Deryck Harrison

Cricket information
- Batting: Right-handed

International information
- National side: Ireland;

Career statistics
| Competition | First-class | List A |
| Matches | 2 | 1 |
| Runs scored | 0 | 11 |
| Batting average | 0.00 | 11.00 |
| 100s/50s | 0/0 | 0/0 |
| Top score | 6 | 11 |
| Catches/stumpings | 2/– | 0/– |
- Source: CricketArchive, 16 November 2022

= Deryck Harrison =

Irish former cricketer (born 1943)

Deryck William Harrison (3 November 1943 – 20 May 2024) was an Irish cricketer. A right-handed batsman, he played eleven times for the Ireland cricket team between 1978 and 1980, including two first-class matches and one List A match.

==Playing career==

Harrison made his debut for Ireland against Denmark in July 1978 and made his first-class debut against Scotland the following month. His next match was against FW Millett's XI in July 1979, scoring 74 not out in the Irish first innings, his highest score for Ireland.

He continued that year with matches against the MCC, Wales and Worcestershire in addition to a second, and final, first-class match against Scotland. His international career then came to an end in 1980, playing against the MCC, twice against the West Indies before his final game against Middlesex at Lord's, a Gillette Cup match that was his only List A appearance.

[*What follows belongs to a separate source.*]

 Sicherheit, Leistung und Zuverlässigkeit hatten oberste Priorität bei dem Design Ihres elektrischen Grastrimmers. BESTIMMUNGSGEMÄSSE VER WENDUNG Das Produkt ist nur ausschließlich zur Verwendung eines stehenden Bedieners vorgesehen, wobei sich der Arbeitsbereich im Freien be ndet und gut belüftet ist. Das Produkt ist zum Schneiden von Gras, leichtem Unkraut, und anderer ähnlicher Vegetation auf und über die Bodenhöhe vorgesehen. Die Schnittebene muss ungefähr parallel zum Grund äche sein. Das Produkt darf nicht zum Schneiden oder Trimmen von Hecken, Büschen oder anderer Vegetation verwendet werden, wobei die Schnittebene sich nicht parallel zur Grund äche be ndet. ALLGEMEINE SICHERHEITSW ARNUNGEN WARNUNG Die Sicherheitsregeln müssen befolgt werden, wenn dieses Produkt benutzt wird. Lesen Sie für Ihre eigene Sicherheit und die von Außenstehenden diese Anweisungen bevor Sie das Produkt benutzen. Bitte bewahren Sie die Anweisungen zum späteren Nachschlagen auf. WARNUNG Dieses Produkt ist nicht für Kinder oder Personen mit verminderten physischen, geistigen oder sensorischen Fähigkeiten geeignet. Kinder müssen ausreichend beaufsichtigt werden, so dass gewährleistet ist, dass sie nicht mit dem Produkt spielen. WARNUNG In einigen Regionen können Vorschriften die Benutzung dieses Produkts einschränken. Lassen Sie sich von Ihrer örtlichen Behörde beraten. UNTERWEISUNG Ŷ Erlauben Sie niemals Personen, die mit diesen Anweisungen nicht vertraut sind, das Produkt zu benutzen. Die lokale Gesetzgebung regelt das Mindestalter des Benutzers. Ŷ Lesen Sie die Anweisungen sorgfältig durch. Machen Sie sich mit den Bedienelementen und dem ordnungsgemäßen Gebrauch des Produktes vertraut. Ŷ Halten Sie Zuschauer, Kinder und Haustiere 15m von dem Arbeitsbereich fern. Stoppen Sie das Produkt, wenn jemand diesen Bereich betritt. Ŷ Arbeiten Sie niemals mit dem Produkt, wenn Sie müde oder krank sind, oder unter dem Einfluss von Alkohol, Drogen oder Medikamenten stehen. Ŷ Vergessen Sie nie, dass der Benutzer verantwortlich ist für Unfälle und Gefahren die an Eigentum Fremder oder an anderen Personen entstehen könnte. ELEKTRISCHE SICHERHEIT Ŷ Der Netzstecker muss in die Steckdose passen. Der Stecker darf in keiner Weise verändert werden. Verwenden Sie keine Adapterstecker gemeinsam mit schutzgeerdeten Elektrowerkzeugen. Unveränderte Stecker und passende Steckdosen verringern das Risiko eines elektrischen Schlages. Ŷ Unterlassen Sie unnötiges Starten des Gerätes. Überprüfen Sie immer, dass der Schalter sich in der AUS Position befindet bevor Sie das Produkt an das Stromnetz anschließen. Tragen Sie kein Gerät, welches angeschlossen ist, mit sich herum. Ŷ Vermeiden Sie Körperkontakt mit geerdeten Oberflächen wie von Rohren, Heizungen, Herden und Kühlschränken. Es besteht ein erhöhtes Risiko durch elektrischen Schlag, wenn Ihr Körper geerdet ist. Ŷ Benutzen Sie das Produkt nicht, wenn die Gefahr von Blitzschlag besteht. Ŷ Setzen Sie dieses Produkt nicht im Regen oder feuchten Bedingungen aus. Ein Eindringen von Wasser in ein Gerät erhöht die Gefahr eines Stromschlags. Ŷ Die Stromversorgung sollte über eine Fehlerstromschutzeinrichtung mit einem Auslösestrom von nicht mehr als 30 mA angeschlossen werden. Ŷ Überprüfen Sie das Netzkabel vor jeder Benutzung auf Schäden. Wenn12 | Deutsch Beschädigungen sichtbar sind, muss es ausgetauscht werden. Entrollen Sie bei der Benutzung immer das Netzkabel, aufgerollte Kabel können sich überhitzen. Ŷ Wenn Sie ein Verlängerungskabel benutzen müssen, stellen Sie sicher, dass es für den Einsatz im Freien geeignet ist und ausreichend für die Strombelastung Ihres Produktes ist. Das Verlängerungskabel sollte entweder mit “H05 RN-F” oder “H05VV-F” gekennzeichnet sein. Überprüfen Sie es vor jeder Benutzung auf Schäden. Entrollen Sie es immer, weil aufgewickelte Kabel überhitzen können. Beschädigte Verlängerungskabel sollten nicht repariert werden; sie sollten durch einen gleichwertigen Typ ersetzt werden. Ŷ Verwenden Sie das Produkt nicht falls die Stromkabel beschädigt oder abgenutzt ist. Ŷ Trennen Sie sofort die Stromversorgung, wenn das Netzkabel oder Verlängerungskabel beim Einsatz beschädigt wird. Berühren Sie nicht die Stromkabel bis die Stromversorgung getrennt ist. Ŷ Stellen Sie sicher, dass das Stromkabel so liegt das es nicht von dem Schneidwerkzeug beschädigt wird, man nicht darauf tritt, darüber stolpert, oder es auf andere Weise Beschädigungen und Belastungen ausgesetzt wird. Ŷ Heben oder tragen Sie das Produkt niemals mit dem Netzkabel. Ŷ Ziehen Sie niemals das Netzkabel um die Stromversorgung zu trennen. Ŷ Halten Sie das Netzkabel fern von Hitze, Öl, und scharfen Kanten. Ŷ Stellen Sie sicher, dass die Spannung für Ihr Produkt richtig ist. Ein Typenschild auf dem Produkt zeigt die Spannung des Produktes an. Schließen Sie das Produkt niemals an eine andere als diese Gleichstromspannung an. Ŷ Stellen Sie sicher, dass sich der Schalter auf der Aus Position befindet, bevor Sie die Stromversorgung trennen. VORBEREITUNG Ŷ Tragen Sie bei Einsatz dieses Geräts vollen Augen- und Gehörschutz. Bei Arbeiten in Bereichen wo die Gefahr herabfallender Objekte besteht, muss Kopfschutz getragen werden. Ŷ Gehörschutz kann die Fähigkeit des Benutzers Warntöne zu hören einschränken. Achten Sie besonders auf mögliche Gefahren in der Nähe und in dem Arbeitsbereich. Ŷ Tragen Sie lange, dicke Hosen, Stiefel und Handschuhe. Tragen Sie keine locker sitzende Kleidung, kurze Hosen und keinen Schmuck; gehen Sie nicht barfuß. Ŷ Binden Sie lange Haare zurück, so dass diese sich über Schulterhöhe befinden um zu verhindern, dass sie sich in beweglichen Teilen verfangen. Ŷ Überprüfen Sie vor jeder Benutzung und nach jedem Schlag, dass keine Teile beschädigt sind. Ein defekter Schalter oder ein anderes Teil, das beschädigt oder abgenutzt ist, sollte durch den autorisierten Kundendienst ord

In relation to the Irish Premier League, Deryck continued to play for Waringstown Cricket Club up until the 1993 season ended.

==Statistics==

In all matches for Ireland, Harrison scored 265 runs at an average of 24.09. He scored two half-centuries.

==Family==

Harrison came from a cricketing family. His brothers Garfield, Jim and Roy all represented Ireland at cricket, as did his brother-in-law Eddie Bushe and his nephew Jonathan Bushe.